That which has been blasted violently out of a volcano, and becomes airborne. Tephra does not include gasses, only solid materials. Occasionally the term tephra will be used to exclude ash, but this is uncommon. Underwater volcanoes can be said to have tephra too.

Tephra is often categorized by size:

  • Blocks: Tephra that measures more than 64mm on its longest side. These are rocks blasted up by the explosion, not flaming balls of magma. They are part of the Earth's crust that has been blown off by the force of the explosion. Blocks are also often formed when water spills into a volcanic vent, and the resulting explosion of steam blasts chunks of rock into the air.
  • Volcanic bombs: globs of magma greater than 64mm. These are still somewhat fluid ('partially or entirely plastic') when they leave the vent, and come in many shapes, from spherical to long ribbons. (These are sometimes called lava bombs.)
  • Lapilli: (singular is lapillus) 2 to 64mm in diameter, these include both small rocks from the crust and small globs of molten magma. Most cinders will also fall into this category.
  • Ash: particles less than 2mm. Some lapilli are actually formed from ash that has clumped together, and tuff is rock formed from volcanic ash, so we have to be careful to avoid confusion; when we speak of tephra, ash is composed of independent, unclumped particles. Once it's on the ground, ash refers to that which was once only small particles, whatever form it is in now. Volcanic ash is not the same as the ashes you make when you burn wood in a fire; it is made up of small particles of rock and volcanic glass.
In addition to these there are other classifications based on type of rock (scoria, pumice, reticulite, etc.) and forms (volcanic bombs may be categorized into a number of forms, including breadcrust bombs, spindle bombs, and cow-dung bombs, among others). If the tephra is still molten when it hits the ground, it is referred to as spatter. Sometimes formations such as Pele's hair and limu o Pele may be considered tephra, although they form off of lava flows after the main eruption.

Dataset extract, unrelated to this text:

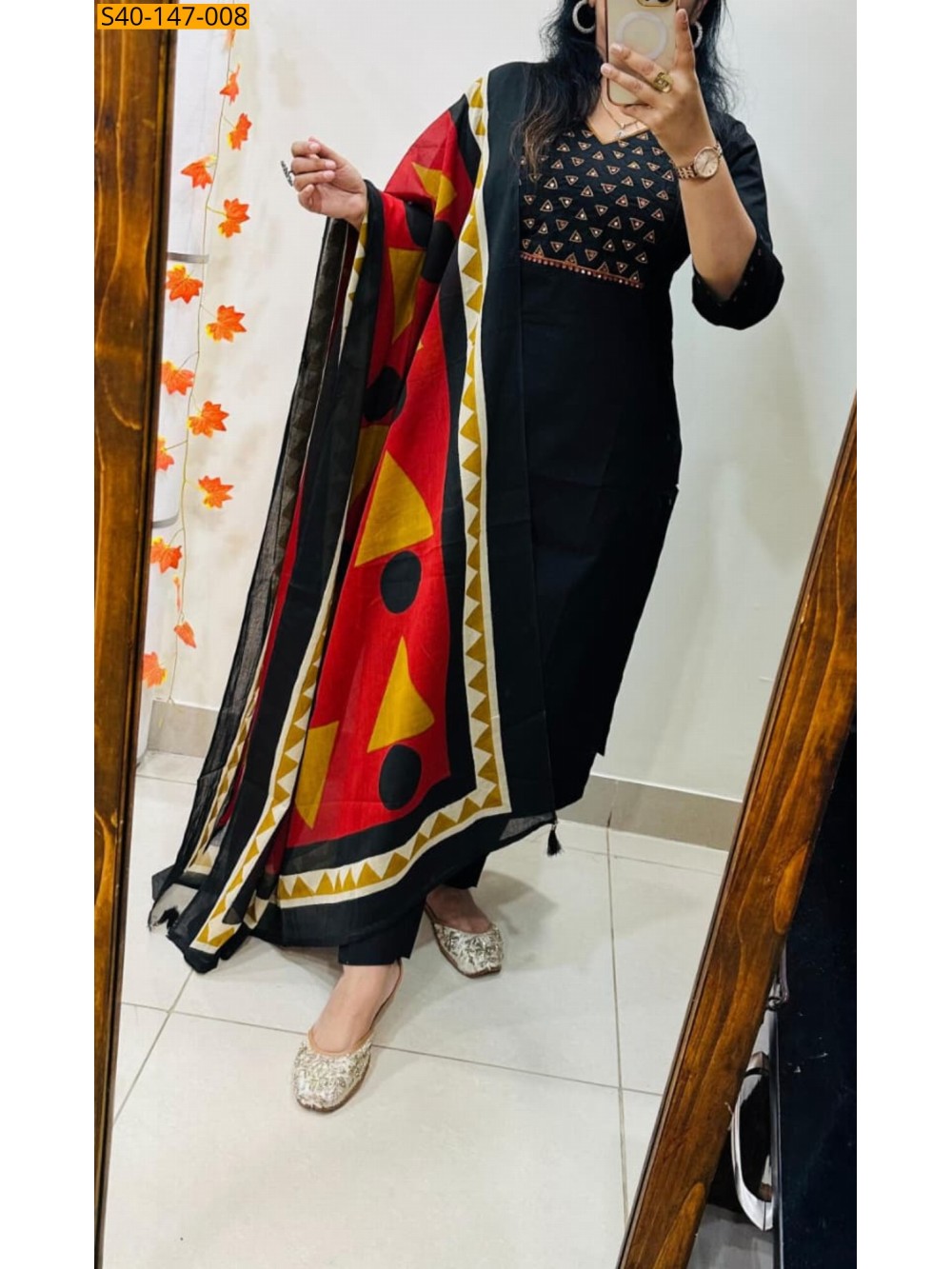 Black Fancy Dhabu Cotton kurti pant dupatta Set

Once the tephra settles to the ground it may remain as individual bits of rubble, or may be compressed into various types of rock, such as tuff and breccia. Despite the general dullness of its definition, tephra is a word that geologists and volcanologists use quite a lot.


References:
http://volcano.und.edu/vwdocs/vwlessons/tephra/introduction.html
http://volcanoes.usgs.gov/Products/Pglossary/pglossary.html
Both of these sites have lots of great photos; you should check them out.



Was this guide not nitpicky enough for you? Well, you're in luck! Here's the Encyclopedia of Geology's classification of pyroclastic materials. (The phi measurement refers to the Krumbein phi scale, which has not yet been noded. Note that it is a logarithmic scale, hence the oddities of the measurements.)

  • 3 phi (0.12 mm) and under -- very fine ash.
  • 3 to 1 phi (0.12-0.5 mm) -- fine ash.
  • 1 to 0 phi (0.5-1 mm) -- medium ash.
  • 0 to 1 phi (1-2 mm) -- coarse ash.
  • -1 to -3 phi (2-8 mm) -- fine lapilli.
  • -3 to -5 phi (8-32 mm) -- medium lapilli.
  • -5 to -6 (32-64 mm)-- coarse lapilli.
  • -6 phi and larger (64+ mm) -- blocks and bombs.
Encyclopedia of Geology Elsevier Academic Press, edited by Richard c. Selley, L. Robin M. Cocks {sic}, and Ian R. Pilmer. 2005.